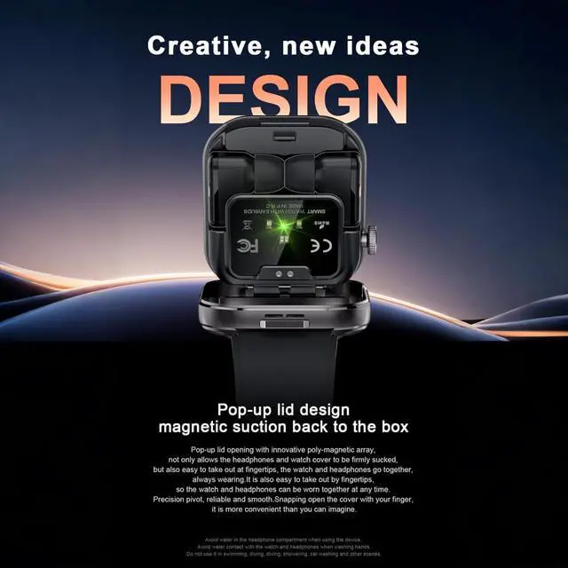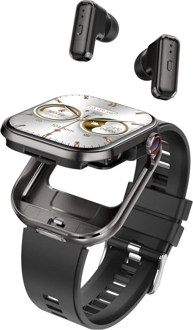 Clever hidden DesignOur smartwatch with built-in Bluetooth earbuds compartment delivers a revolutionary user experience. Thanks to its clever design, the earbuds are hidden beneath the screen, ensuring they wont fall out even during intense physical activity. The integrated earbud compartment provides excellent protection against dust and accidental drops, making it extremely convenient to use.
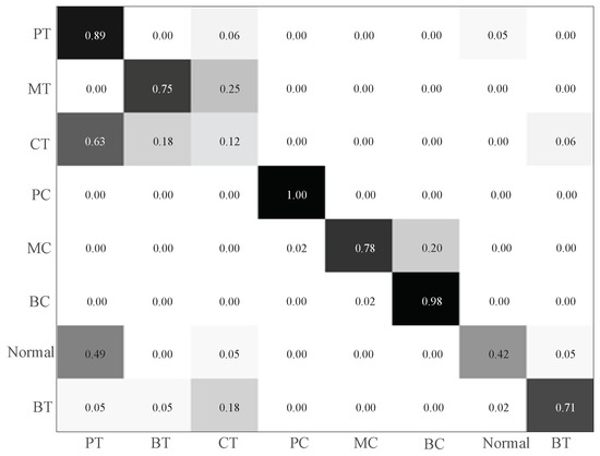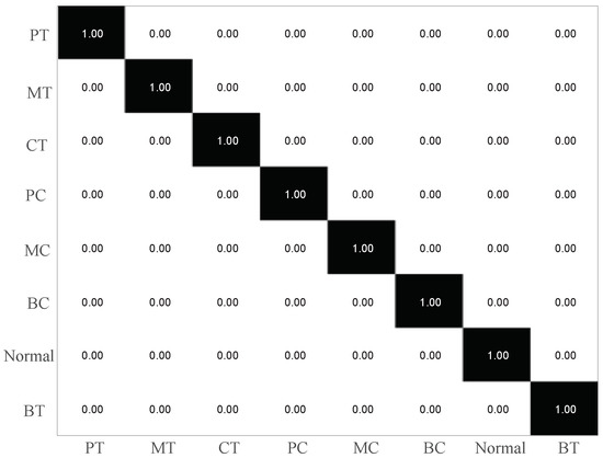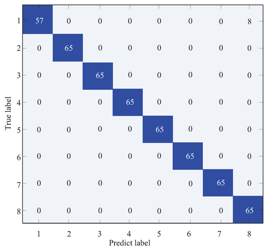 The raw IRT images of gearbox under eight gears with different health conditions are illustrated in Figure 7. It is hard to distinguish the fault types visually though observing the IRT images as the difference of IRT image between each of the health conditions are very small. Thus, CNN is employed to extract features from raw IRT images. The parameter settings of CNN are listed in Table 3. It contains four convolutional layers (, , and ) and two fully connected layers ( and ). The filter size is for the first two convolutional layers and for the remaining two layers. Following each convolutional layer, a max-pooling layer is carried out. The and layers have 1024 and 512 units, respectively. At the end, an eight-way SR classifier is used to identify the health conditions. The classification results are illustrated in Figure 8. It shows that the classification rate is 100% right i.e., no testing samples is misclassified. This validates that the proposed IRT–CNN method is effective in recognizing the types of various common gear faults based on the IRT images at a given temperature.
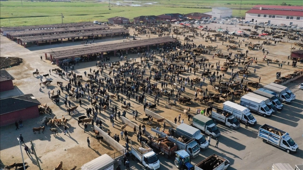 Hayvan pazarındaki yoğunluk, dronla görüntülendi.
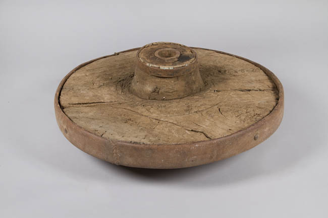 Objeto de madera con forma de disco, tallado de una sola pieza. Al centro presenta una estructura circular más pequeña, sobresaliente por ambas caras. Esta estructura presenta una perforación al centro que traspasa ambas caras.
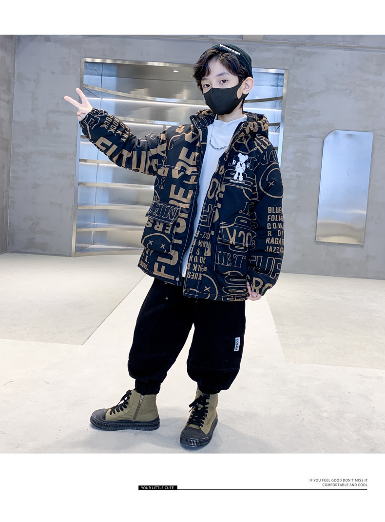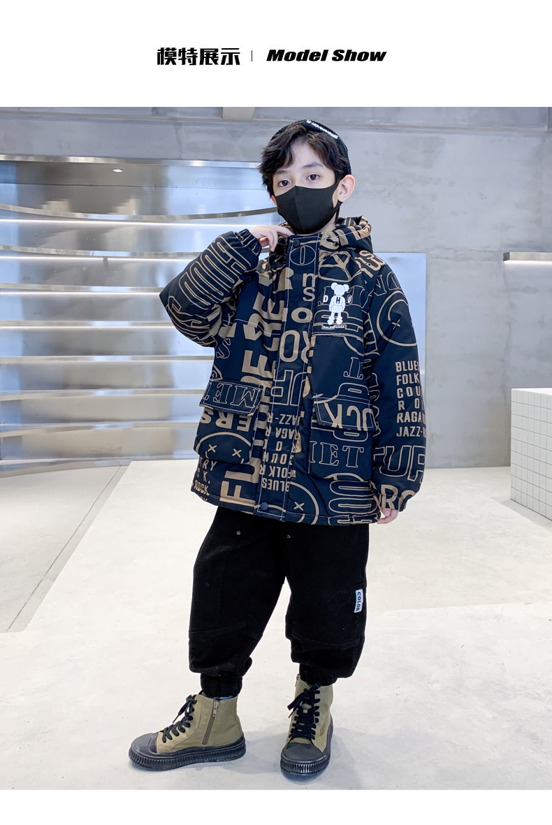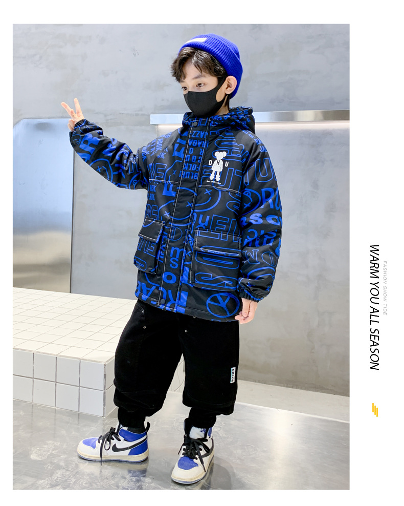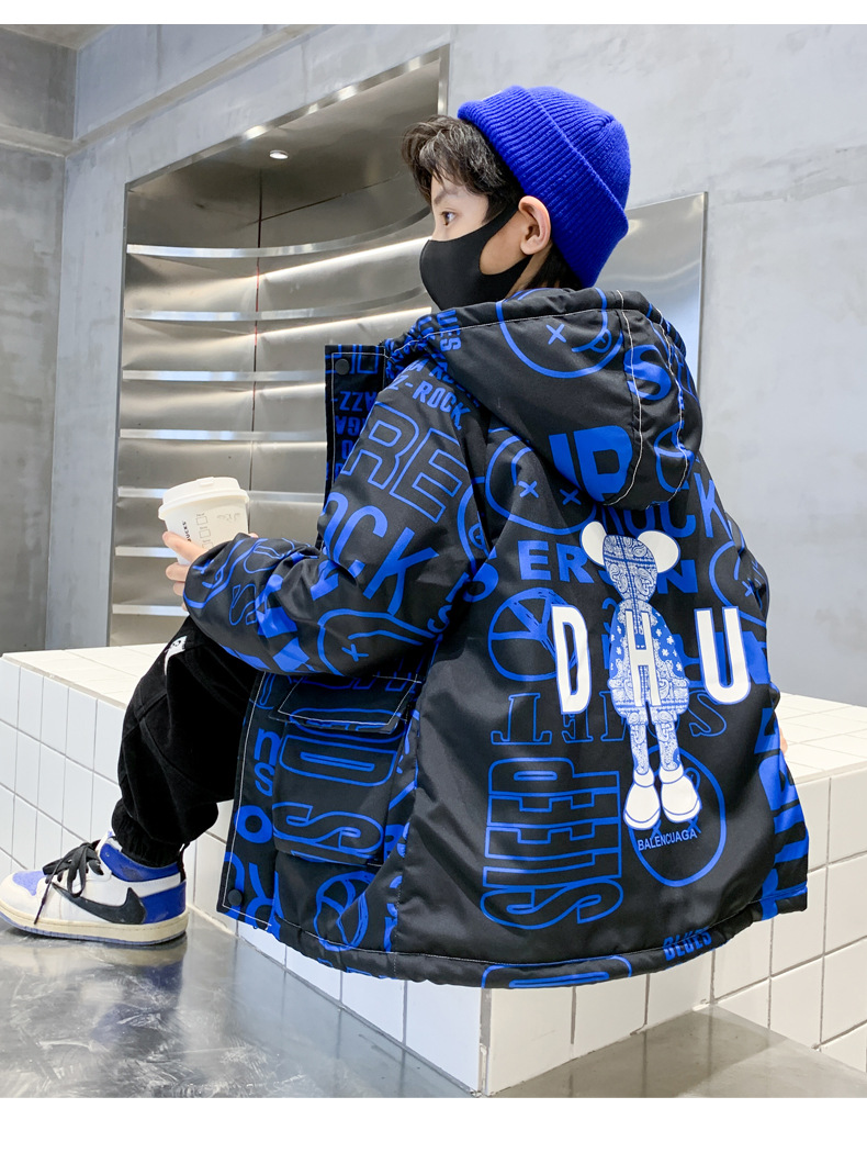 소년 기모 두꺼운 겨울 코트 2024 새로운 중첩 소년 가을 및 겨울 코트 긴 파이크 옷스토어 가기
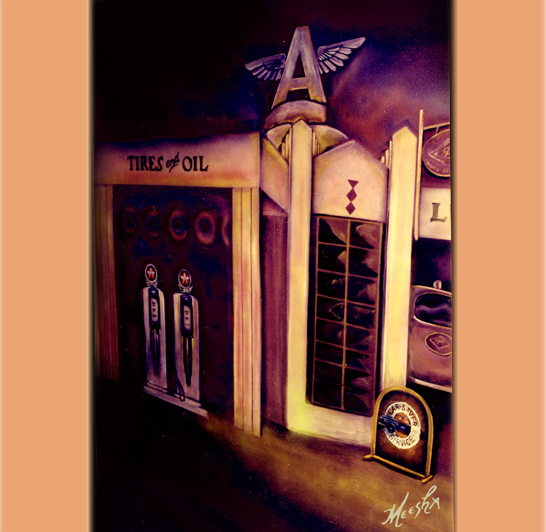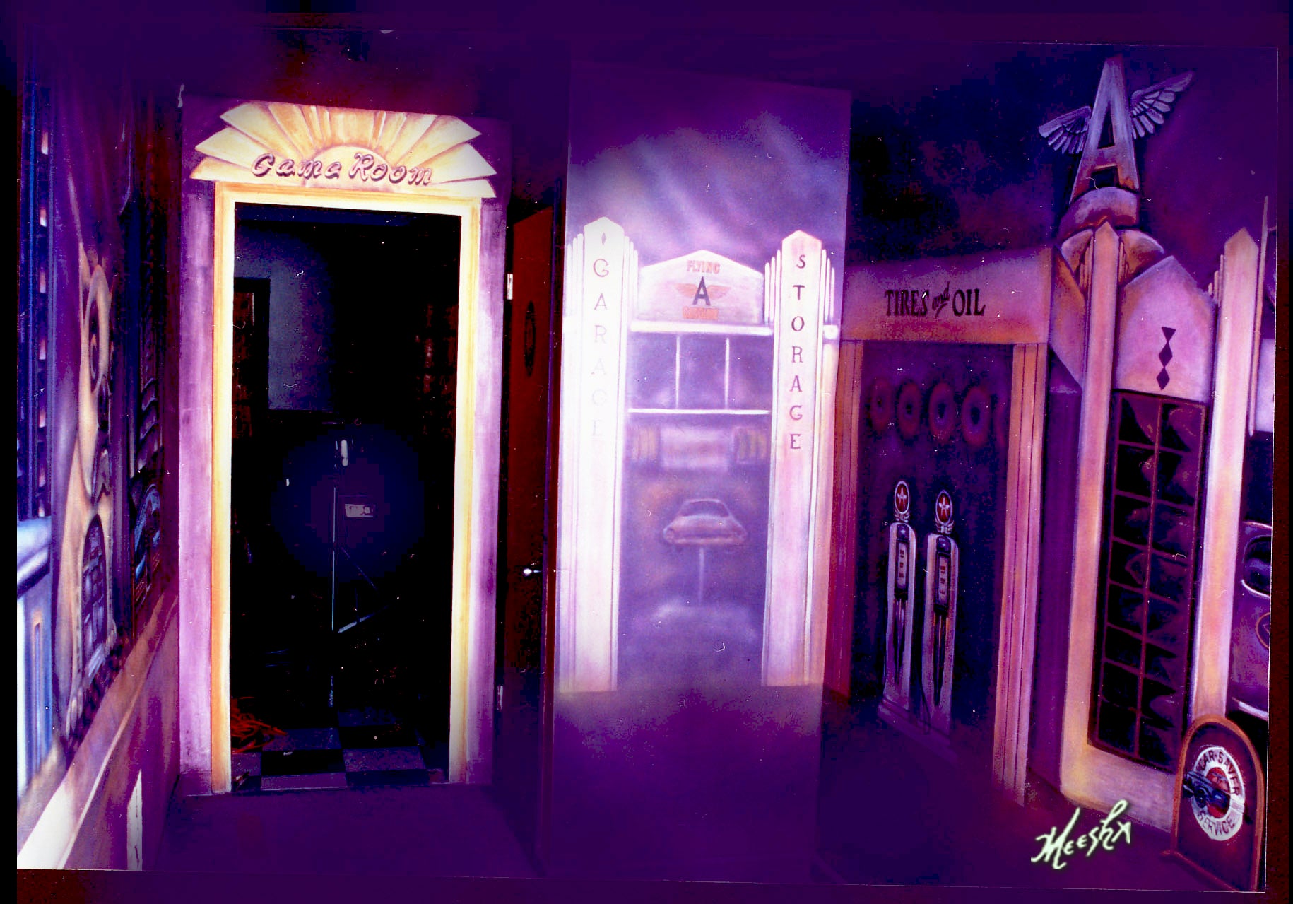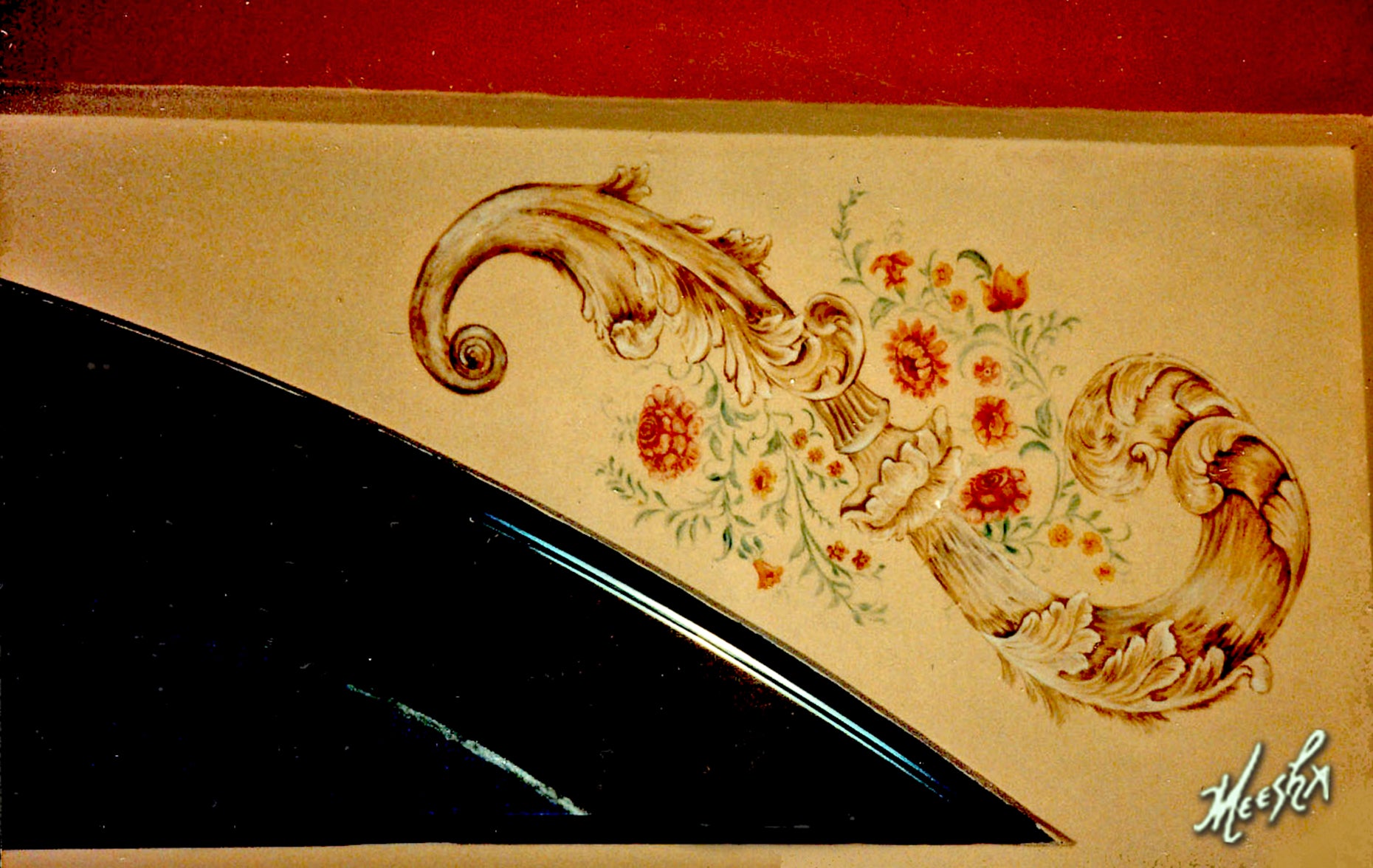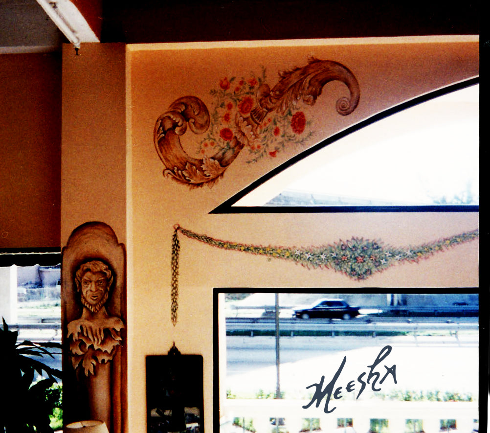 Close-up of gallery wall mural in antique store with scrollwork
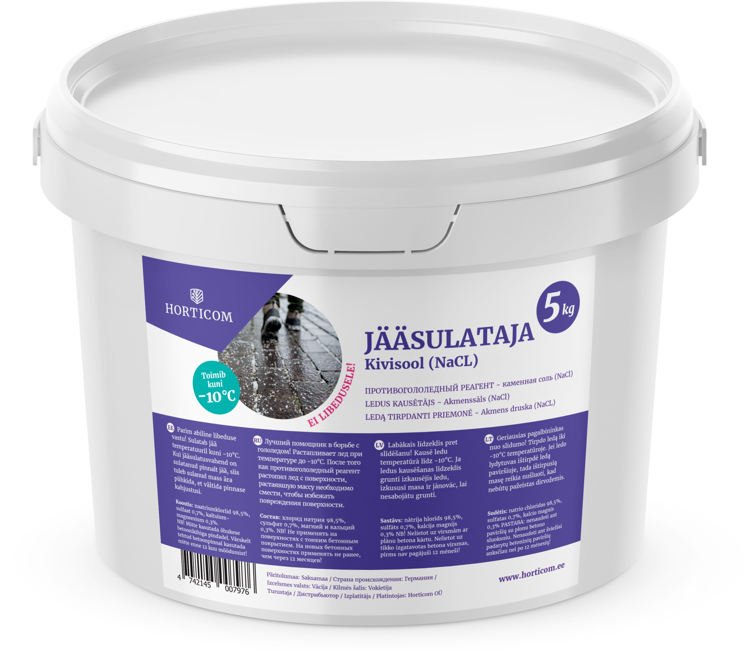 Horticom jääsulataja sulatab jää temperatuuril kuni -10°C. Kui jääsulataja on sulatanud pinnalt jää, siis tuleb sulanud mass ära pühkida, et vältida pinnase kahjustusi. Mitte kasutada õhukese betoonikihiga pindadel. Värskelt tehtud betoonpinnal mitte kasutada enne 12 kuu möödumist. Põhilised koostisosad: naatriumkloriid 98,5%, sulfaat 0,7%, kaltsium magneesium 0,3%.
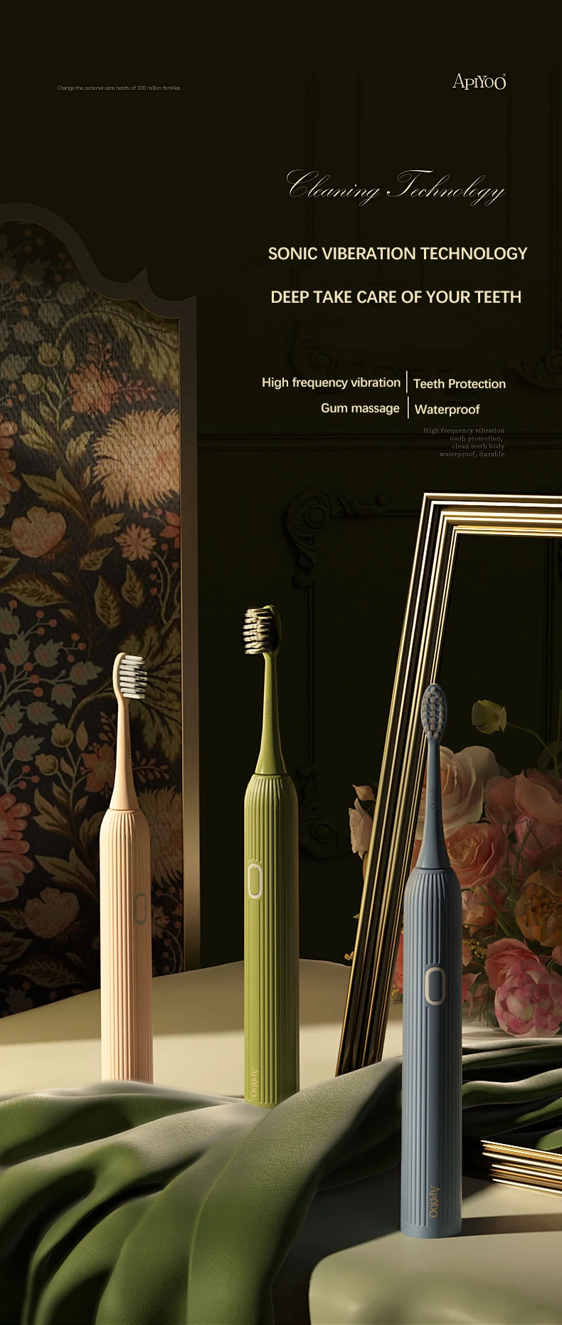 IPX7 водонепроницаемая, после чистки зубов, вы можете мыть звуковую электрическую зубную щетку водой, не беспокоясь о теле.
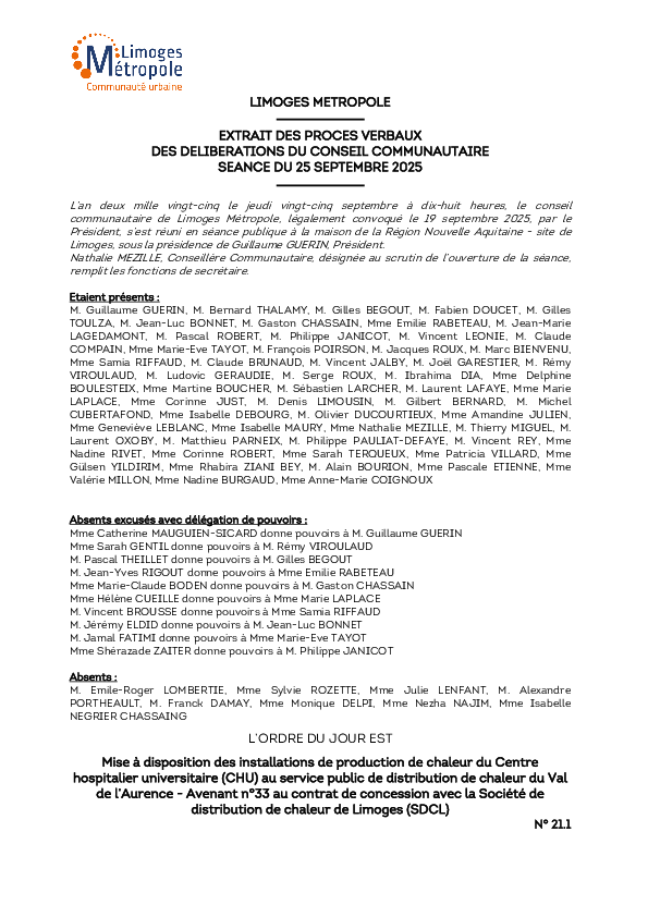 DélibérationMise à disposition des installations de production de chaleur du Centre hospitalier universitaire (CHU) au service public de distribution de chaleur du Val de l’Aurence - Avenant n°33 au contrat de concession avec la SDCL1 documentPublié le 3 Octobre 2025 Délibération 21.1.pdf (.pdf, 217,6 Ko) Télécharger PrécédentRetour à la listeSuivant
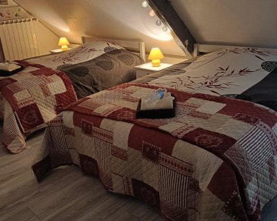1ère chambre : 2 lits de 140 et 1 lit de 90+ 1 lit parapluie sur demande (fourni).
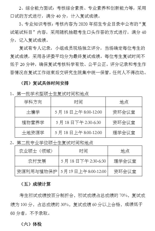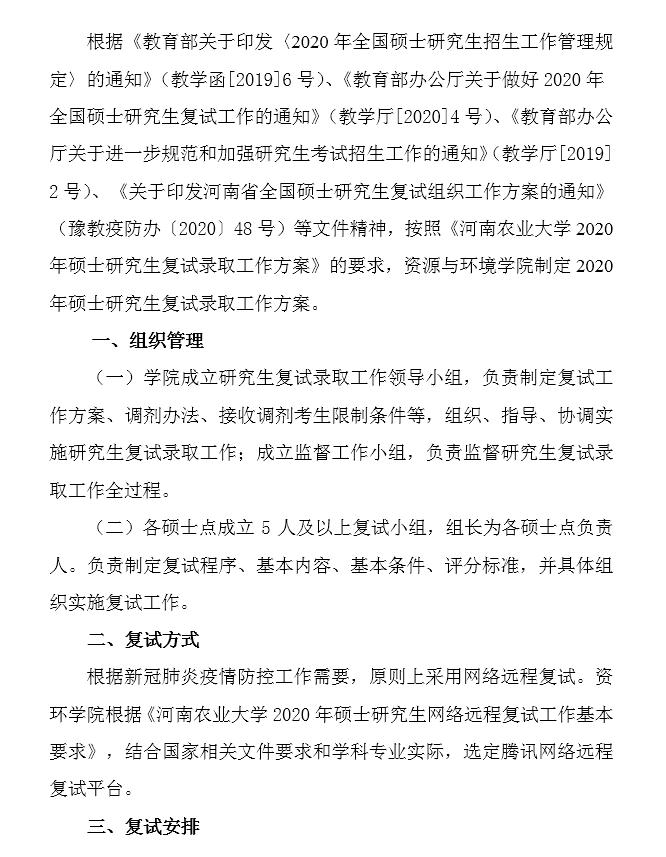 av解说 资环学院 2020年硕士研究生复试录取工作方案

## Exercise description
Line by line, print the records above exactly, skipping each picture.

## Reply to the exercise
 Clever hidden DesignOur smartwatch with built-in Bluetooth earbuds compartment delivers a revolutionary user experience. Thanks to its clever design, the earbuds are hidden beneath the screen, ensuring they wont fall out even during intense physical activity. The integrated earbud compartment provides excellent protection against dust and accidental drops, making it extremely convenient to use.
 The raw IRT images of gearbox under eight gears with different health conditions are illustrated in Figure 7. It is hard to distinguish the fault types visually though observing the IRT images as the difference of IRT image between each of the health conditions are very small. Thus, CNN is employed to extract features from raw IRT images. The parameter settings of CNN are listed in Table 3. It contains four convolutional layers (, , and ) and two fully connected layers ( and ). The filter size is for the first two convolutional layers and for the remaining two layers. Following each convolutional layer, a max-pooling layer is carried out. The and layers have 1024 and 512 units, respectively. At the end, an eight-way SR classifier is used to identify the health conditions. The classification results are illustrated in Figure 8. It shows that the classification rate is 100% right i.e., no testing samples is misclassified. This validates that the proposed IRT–CNN method is effective in recognizing the types of various common gear faults based on the IRT images at a given temperature.
 Hayvan pazarındaki yoğunluk, dronla görüntülendi.
 Objeto de madera con forma de disco, tallado de una sola pieza. Al centro presenta una estructura circular más pequeña, sobresaliente por ambas caras. Esta estructura presenta una perforación al centro que traspasa ambas caras.
 소년 기모 두꺼운 겨울 코트 2024 새로운 중첩 소년 가을 및 겨울 코트 긴 파이크 옷스토어 가기
 Close-up of gallery wall mural in antique store with scrollwork
 Horticom jääsulataja sulatab jää temperatuuril kuni -10°C. Kui jääsulataja on sulatanud pinnalt jää, siis tuleb sulanud mass ära pühkida, et vältida pinnase kahjustusi. Mitte kasutada õhukese betoonikihiga pindadel. Värskelt tehtud betoonpinnal mitte kasutada enne 12 kuu möödumist. Põhilised koostisosad: naatriumkloriid 98,5%, sulfaat 0,7%, kaltsium magneesium 0,3%.
 IPX7 водонепроницаемая, после чистки зубов, вы можете мыть звуковую электрическую зубную щетку водой, не беспокоясь о теле.
 DélibérationMise à disposition des installations de production de chaleur du Centre hospitalier universitaire (CHU) au service public de distribution de chaleur du Val de l’Aurence - Avenant n°33 au contrat de concession avec la SDCL1 documentPublié le 3 Octobre 2025 Délibération 21.1.pdf (.pdf, 217,6 Ko) Télécharger PrécédentRetour à la listeSuivant
1ère chambre : 2 lits de 140 et 1 lit de 90+ 1 lit parapluie sur demande (fourni).
 av解说 资环学院 2020年硕士研究生复试录取工作方案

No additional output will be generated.